What it is not is a redundancy; the Squad Squad, constantly on guard against the unnecessary repetition of an idea in a different word, can relax. Instead, it is a deliberate tautology (the Greek tauto means "the same") designed to define itself by repetition of itself. Because it needs a name, let's call it a "tautophrase." Often accompanied by a shrug, it is used to deflect inquiry with panache.
Few people say no comment anymore; that phrase was made famous by Winston Churchill in 1946, who told reporters after a White House meeting with US president Harry Truman and a US diplomat: "I think `no comment' is a splendid expression. I got it from Sumner Welles."
It is rarely used by politicians today because it is too gruff a cliche, slamming the door petulantly, a brushoff by a clumsy amateur. The trick to assertive deflection is in the ducking of a question in a way that sounds forthright.
In the synonymy of tautophrasal evasion, What's done is done implies an irretrievable action. Boys will be boys (often followed by a heh-heh) means "a natural act requires no further explanation," and That was then, now is now means "changing circumstances make the need for a different position self-evident." The semitautologous It speaks for itself is a way of saying "Do not look to me for amplification of the obvious." The duplicative same-old, same-old waves off nagging questions by pretending boredom.
Not tautophrases but in the ballpark are I don't have any more information on that, which flatly pleads ignorance, and I'll have to get back to you on that, which gains the evader only temporary respite.
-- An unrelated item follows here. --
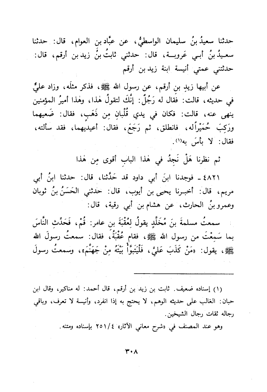 4821 - فَوَجَدْنَا ابْنَ أَبِي دَاوُدَ قَدْ حَدَّثَنَا قَالَ: حَدَّثَنَا ابْنُ أَبِي مَرْيَمَ قَالَ: أَخْبَرَنَا يَحْيَى بْنُ أَيُّوبَ قَالَ: حَدَّثَنِي الْحَسَنُ بْنُ ثَوْبَانَ، وَعَمْرُو بْنُ الْحَارِثِ , عَنْ هِشَامِ بْنِ أَبِي رُقَيَّةَ قَالَ: سَمِعْتُ مَسْلَمَةَ بْنَ مُخَلَّدٍ يَقُولُ لِعُقْبَةَ بْنِ عَامِرٍ: قُمْ فَحَدِّثِ النَّاسَ بِمَا سَمِعْتَ مِنْ رَسُولِ اللهِ صَلَّى اللَّهُ عَلَيْهِ وَسَلَّمَ، فَقَامَ عُقْبَةُ , فَقَالَ: سَمِعْتُ رَسُولَ اللهِ صَلَّى اللَّهُ عَلَيْهِ وَسَلَّمَ يَقُولُ: " مَنْ كَذَبَ عَلَيَّ فَلْيَتَبَوَّأْ بَيْتَهُ مِنْ جَهَنَّمَ " وَسَمِعْتُ رَسُولَ

Let's move on, previously the most popular refusal to provide more fuel to a continuing embarrassment, connotes, "I don't have time to waste on pursuit of this exhausted subject."
For additional nuance, I turn to Joe Pickett, executive editor of the American Heritage Dictionary.
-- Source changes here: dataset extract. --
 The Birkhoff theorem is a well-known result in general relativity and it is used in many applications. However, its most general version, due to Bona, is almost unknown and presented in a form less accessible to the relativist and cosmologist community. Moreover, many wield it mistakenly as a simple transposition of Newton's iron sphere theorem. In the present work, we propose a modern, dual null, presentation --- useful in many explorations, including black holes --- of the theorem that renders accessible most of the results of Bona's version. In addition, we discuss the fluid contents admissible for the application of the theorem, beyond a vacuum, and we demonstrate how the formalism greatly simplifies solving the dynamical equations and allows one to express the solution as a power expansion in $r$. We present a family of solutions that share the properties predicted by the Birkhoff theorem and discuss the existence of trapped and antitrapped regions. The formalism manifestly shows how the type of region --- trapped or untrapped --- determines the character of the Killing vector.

"It is what it is is also a way of expressing philosophical resignation over a disappointment, of saying that the situation just has to be put up with. Athletes will say it about a missed catch or a bad call by the referee; it means that they don't want to dwell on the situation. A variation of It is what it is is What's done is done; you'd never say that about a person, but you can say She is what she is. It reminds me of a phrase rampant here in Boston: `That's just Manny being Manny,' to refer to the weird behavior of the Red Sox slugger Manny Ramirez. It must be a variation on `Let Reagan be Reagan.'" (That tautophrasal political slogan was based on the 1981 Let Poland be Poland.)
IIWII, to use space-saving initialese, has another sense of a mild put-down, as if to say, "That's all you can expect." A Denver Broncos wide receiver who was short on receptions last year was described in the sports pages of the Denver Post as having reached the "he-is-what-he-is stage." But another tautophrase intended to cut off further debate or questioning carries a powerful note of finality. The linguist Geoffrey Nunberg, whose book on right-wing rhetoric is coming in June, steered me to Chapter 19, Verse 22 of the Gospel according to John. The Roman Pontius Pilate, asked to amend the words he had ordered inscribed on Jesus' cross, rejected all objection with "What I have written I have written."
In these reflections on deflections, my favorite assertion of tautophrasal philosophy was by Popeye the Sailor Man in a 1930s comic strip by Elzie Segar: "I yam what I yam an' that's all that I yam!" (That statement speaks for itself.)
Will the vogue use of It is what it is become fixed in the farrago of unresponsive responses? The answer is in its own future tense, sung in the Spanish Que sera sera: "What will be will be."